Exercise goal — Down to the last line of the listing, starting at the one with "Smanicato Armani uomo", retype each line exactly. Do not copy the pictures.

The data —
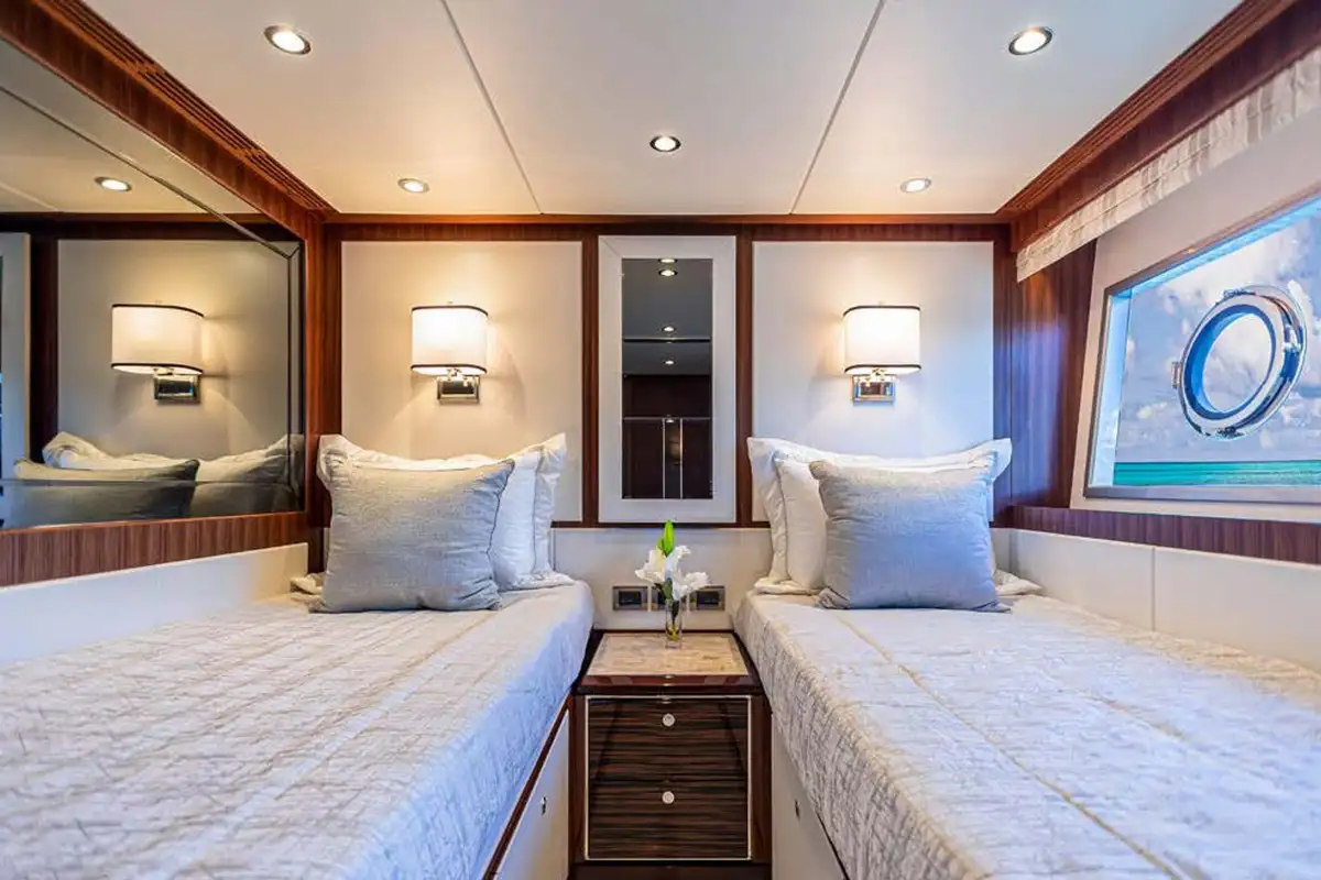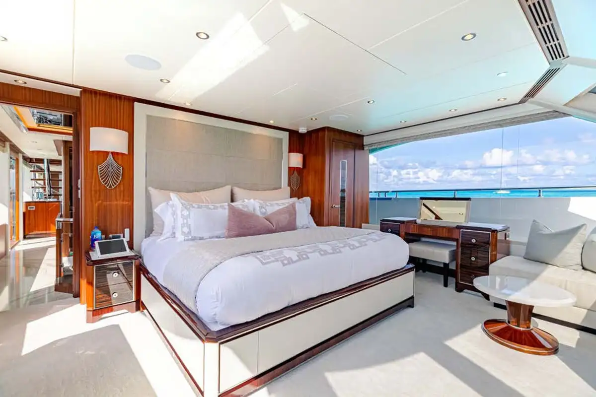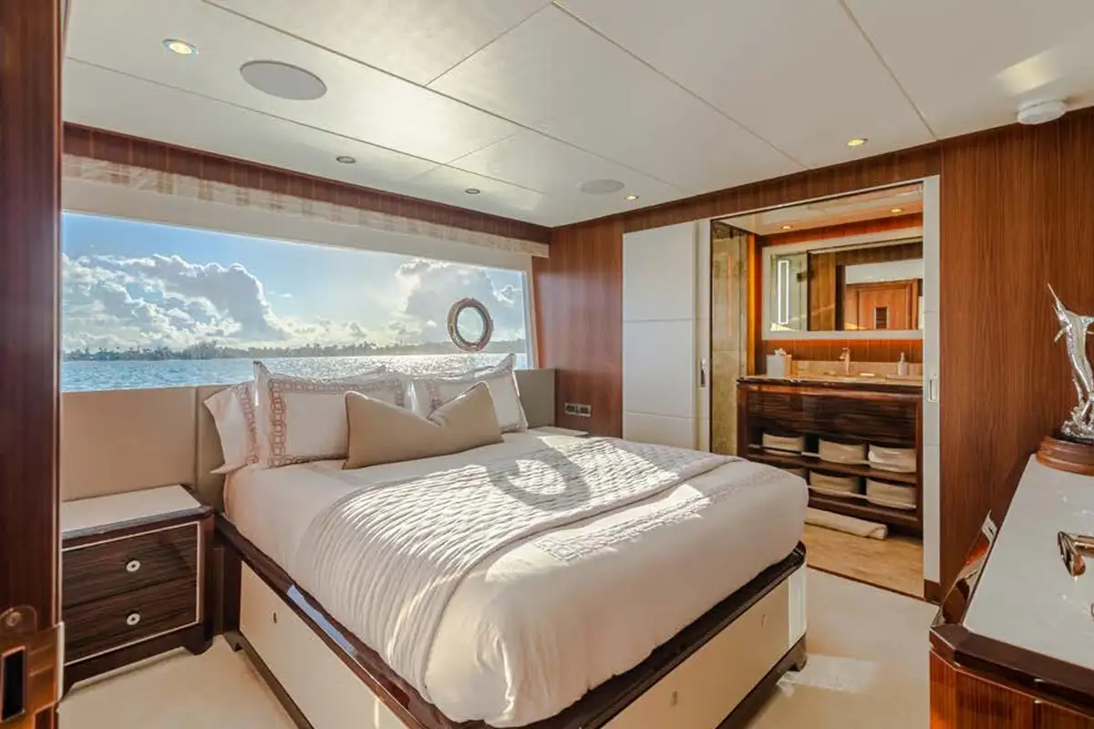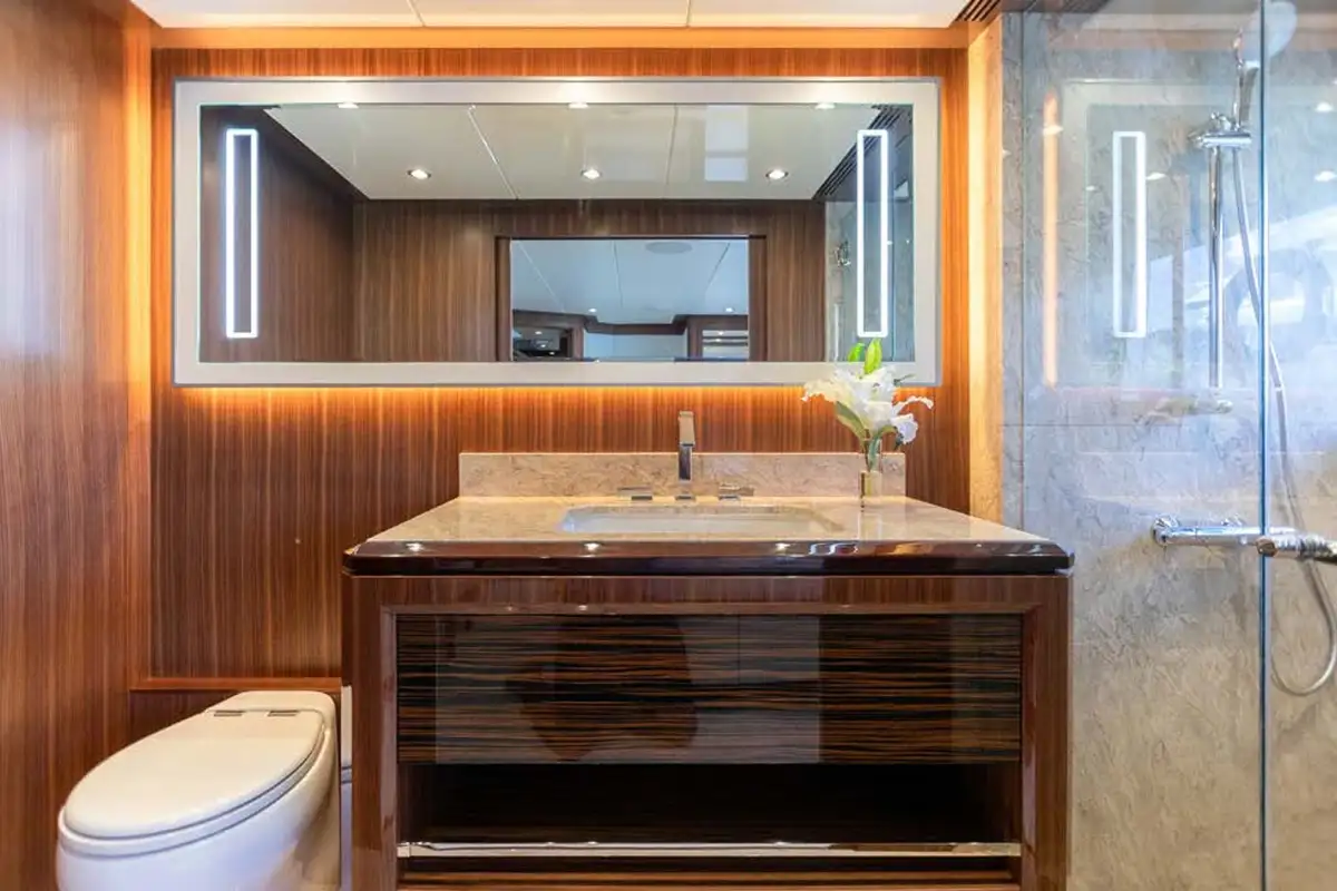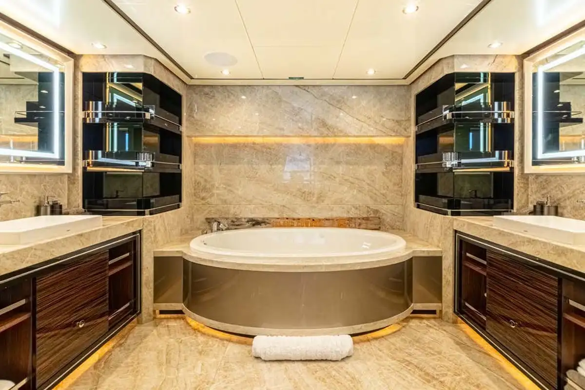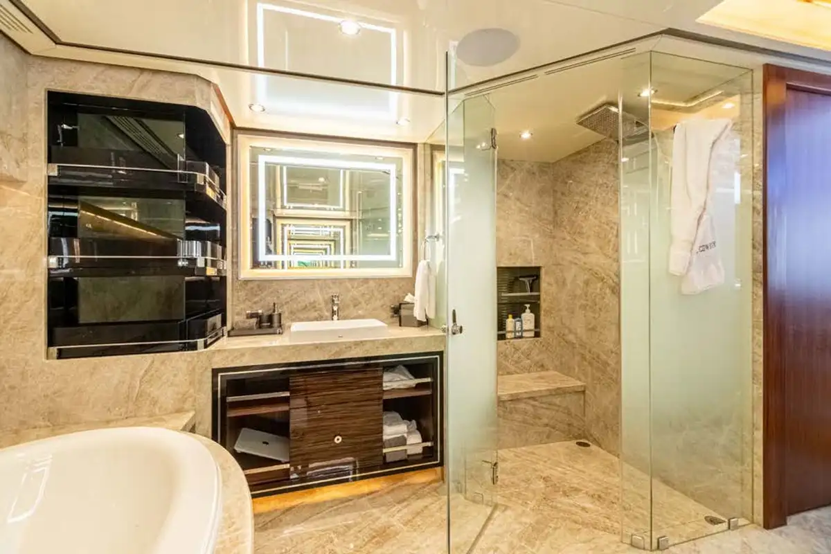 The master suite is a full-beam cabin, up front on the main deck level with incredible 270-degree views over the sea from the king size double bed, plus a desk and corner sofa. Steps lead down to a splendid en suite bathroom with a bathtub and separate shower, twin sinks and full marble finish. The other four guest cabins are two VIP doubles and two convertible twin/doubles, each with a private en suite bathroom.
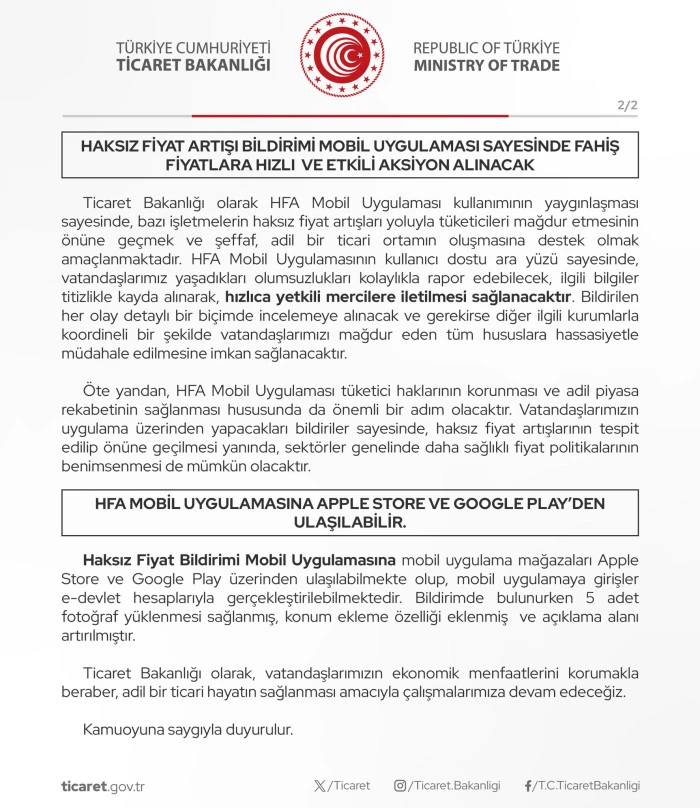 Ticaret Bakanlığı, konuya ilişkin yaptığı duyuruda; "Vatandaşlarımızın ekonomik menfaatlerini korumakla beraber, adil bir ticari hayatın sağlanması amacıyla çalışmalarımıza hassasiyetle devam edeceğiz" ifadelerine yer vererek, fahiş fiyatla mücadelenin aralıksız süreceği mesajını verdi.
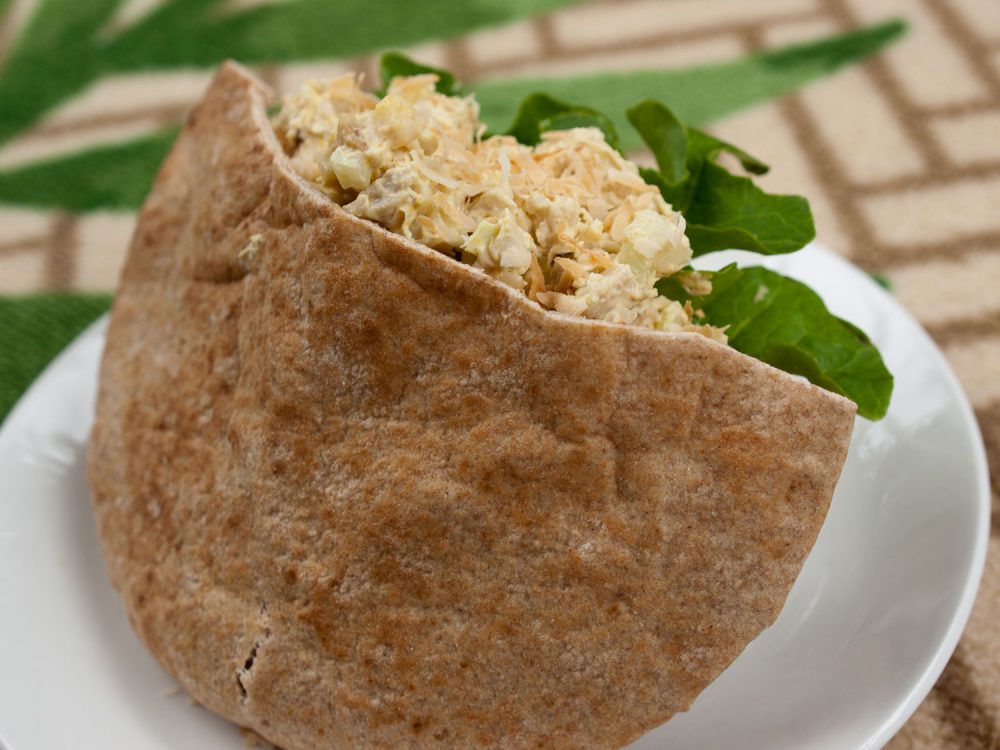 Tuck tropical flavored Rotisserie chicken Salad into a whole wheat pita for a delicious lunch on the lanai.
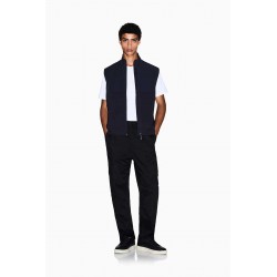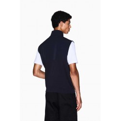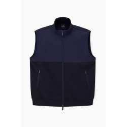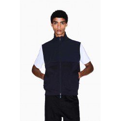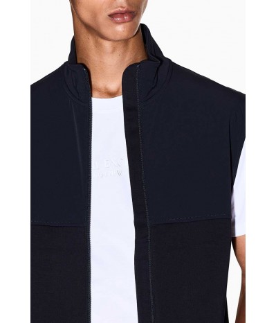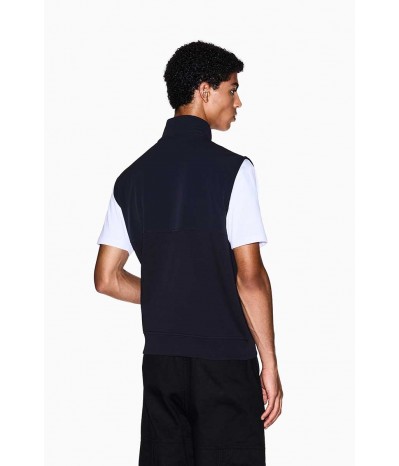 Smanicato Armani uomo in felpa, caratterizzato da un mix di tessuto tecnico e cotone che crea un contrasto di tendenza. Completo di colletto alto, zip centrale e zip laterali per maggiore comfort. Ideale per outfit casual e sportivi nelle mezze stagioni.
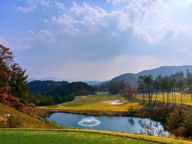 베뉴지cc는 가평의 칼봉산(910m) 자락을 기점으로 선인봉(489m), 수정봉(447m), 송이봉(804m) 등에 둘러싸여 있어 산악지형의 형태를 잘 살려냈습니다. 조성된 지 4년 정도밖에 되지 않아 코스 내에 수령 높은 나무는 없지만 주변 산들과 어울려 조성된 지 오래된 골프장의 모습을 지니고 있습니다.
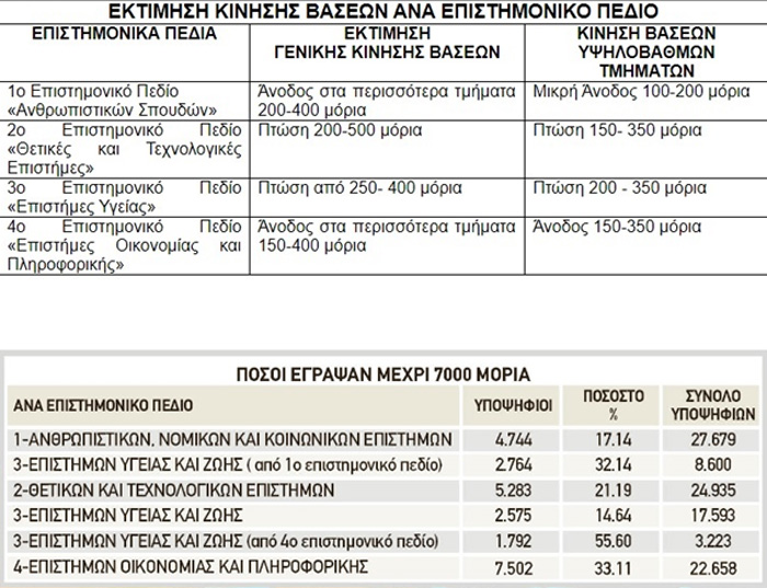«Στο πλαίσιο αυτό αναμένουμε τελικά στα περισσότερα τμήματα του Πεδίου άνοδο των βάσεων εισαγωγής της τάξεως των 200-400 μορίων κατά μέσο όρο. Στις περιζήτητες και υψηλόβαθμες σχολές του Πεδίου (Νομικές και Σχολές Ψυχολογίας) η αύξηση των βάσεων εισαγωγής αναμένεται να είναι μικρή επίσης, της τάξεως των 100-200 μορίων, καθώς θα υπάρχει αναχαίτιση λόγω της αύξησης των θέσεων εισακτέων» ανέφερε ο κ. Κάτσικας.
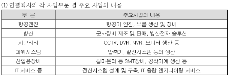 항공기 및 가스터빈 엔진, 자주포, 장갑차, CCTV, 칩마운트 등의 생산 및 판매와 IT 기술을 활용한 서비스 제공을 주요 사업으로 영위하고 있으며, 기업의 모체는 방위산업이며 우주항공, 항공엔진과 밀접하게 관련되어 있습니다.
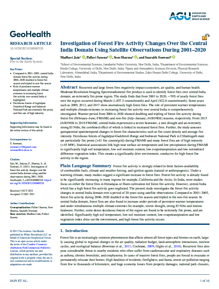 Investigation of Forest Fire Activity Changes Over the Central India Domain Using Satellite Observations During 2001–2020
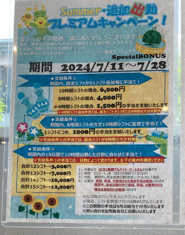 7月11日から28日までの間に15日10時間勤務で出勤すると12000円!!
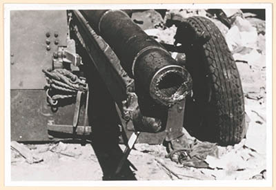 - Het op de hoek Vriesestraat/Vest opgestelde stuk antitankgeschut van het Nederlandse leger, stukgeschoten door de Duitsers in de meidagen van 1940.

Task output —
 Smanicato Armani uomo in felpa, caratterizzato da un mix di tessuto tecnico e cotone che crea un contrasto di tendenza. Completo di colletto alto, zip centrale e zip laterali per maggiore comfort. Ideale per outfit casual e sportivi nelle mezze stagioni.
 베뉴지cc는 가평의 칼봉산(910m) 자락을 기점으로 선인봉(489m), 수정봉(447m), 송이봉(804m) 등에 둘러싸여 있어 산악지형의 형태를 잘 살려냈습니다. 조성된 지 4년 정도밖에 되지 않아 코스 내에 수령 높은 나무는 없지만 주변 산들과 어울려 조성된 지 오래된 골프장의 모습을 지니고 있습니다.
«Στο πλαίσιο αυτό αναμένουμε τελικά στα περισσότερα τμήματα του Πεδίου άνοδο των βάσεων εισαγωγής της τάξεως των 200-400 μορίων κατά μέσο όρο. Στις περιζήτητες και υψηλόβαθμες σχολές του Πεδίου (Νομικές και Σχολές Ψυχολογίας) η αύξηση των βάσεων εισαγωγής αναμένεται να είναι μικρή επίσης, της τάξεως των 100-200 μορίων, καθώς θα υπάρχει αναχαίτιση λόγω της αύξησης των θέσεων εισακτέων» ανέφερε ο κ. Κάτσικας.
 항공기 및 가스터빈 엔진, 자주포, 장갑차, CCTV, 칩마운트 등의 생산 및 판매와 IT 기술을 활용한 서비스 제공을 주요 사업으로 영위하고 있으며, 기업의 모체는 방위산업이며 우주항공, 항공엔진과 밀접하게 관련되어 있습니다.
 Investigation of Forest Fire Activity Changes Over the Central India Domain Using Satellite Observations During 2001–2020
 7月11日から28日までの間に15日10時間勤務で出勤すると12000円!!
 - Het op de hoek Vriesestraat/Vest opgestelde stuk antitankgeschut van het Nederlandse leger, stukgeschoten door de Duitsers in de meidagen van 1940.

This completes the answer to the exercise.